_WHAT TO PRODUCE_
No pictures, please. Output the lines from the start of the data through the line that contains "Solo Vodafone y", both included, exactly as they stand.

_DATASET SECTION_
-*-

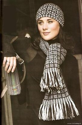 This pattern is for both hat and scarf. They incorporate traditional Sanquhar patterns and are knitted in the round, making the scarf double sided. The hat is elasticated at the bottom edge and so there is some adjustment possible on the band circumference.
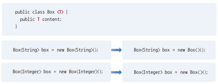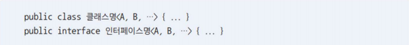 <T>는 T가 타입 파라미터임을 뜻하는 기호. 타입이 필요한 자리에 T를 사용할 수 있음을 알려줌
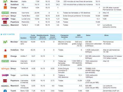 Solo Vodafone y Orange, y Movistar para datos, sacan tarifas planas más baratas que las fijadas a partir del 1 de julio
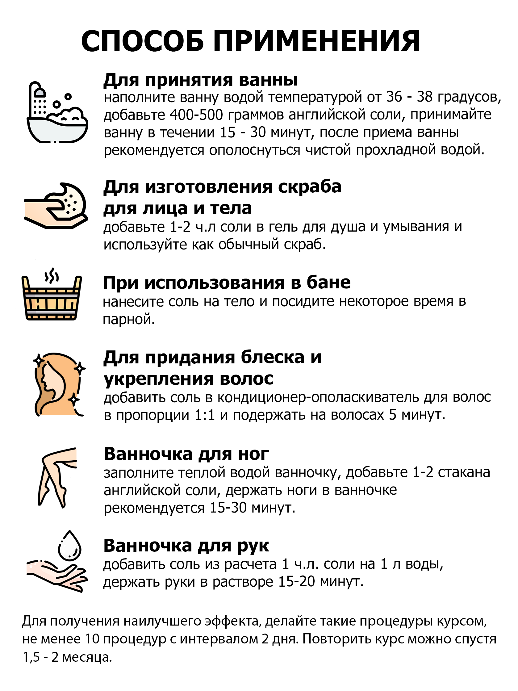 | Способ применения | для принятия ванн: наполните ванну водой температурой от 36 - 38 градусов, добавьте 400-500 граммов английской соли, принимайте ванну в течении 15 - 30 минут, после приема ванны рекомендуется ополоснуться чистой прохладной водой. Для изготовления скраба для лица и тела: добавьте 1-2 ч.л соли в гель для душа и умывания и используйте как обычный скраб. При использовании в бане: нанесите соль на тело и посидите некоторое время в парной. Для придания блеска и укрепления волос: добавить соль в кондиционер-ополаскиватель для волос в пропорции 1:1 и подержать на волосах 5 минут. Ванночка для ног: заполните теплой водой ванночку, добавьте 1-2 стакана английской соли, держать ноги в ванночке рекомендуется 15-30 минут. Ванночка для рук: добавить соль из расчета 1 ч.л. соли на 1 л воды, держать руки в растворе 15-20 минут. Для получения наилучшего эффекта, делайте такие процедуры курсом, не менее 10 процедур с интервалом 2 дня, повторить курс можно спустя 1,5 - 2 месяца. |

-*-

_THE COMPLETED TASK_
 This pattern is for both hat and scarf. They incorporate traditional Sanquhar patterns and are knitted in the round, making the scarf double sided. The hat is elasticated at the bottom edge and so there is some adjustment possible on the band circumference.
 <T>는 T가 타입 파라미터임을 뜻하는 기호. 타입이 필요한 자리에 T를 사용할 수 있음을 알려줌
 Solo Vodafone y Orange, y Movistar para datos, sacan tarifas planas más baratas que las fijadas a partir del 1 de julio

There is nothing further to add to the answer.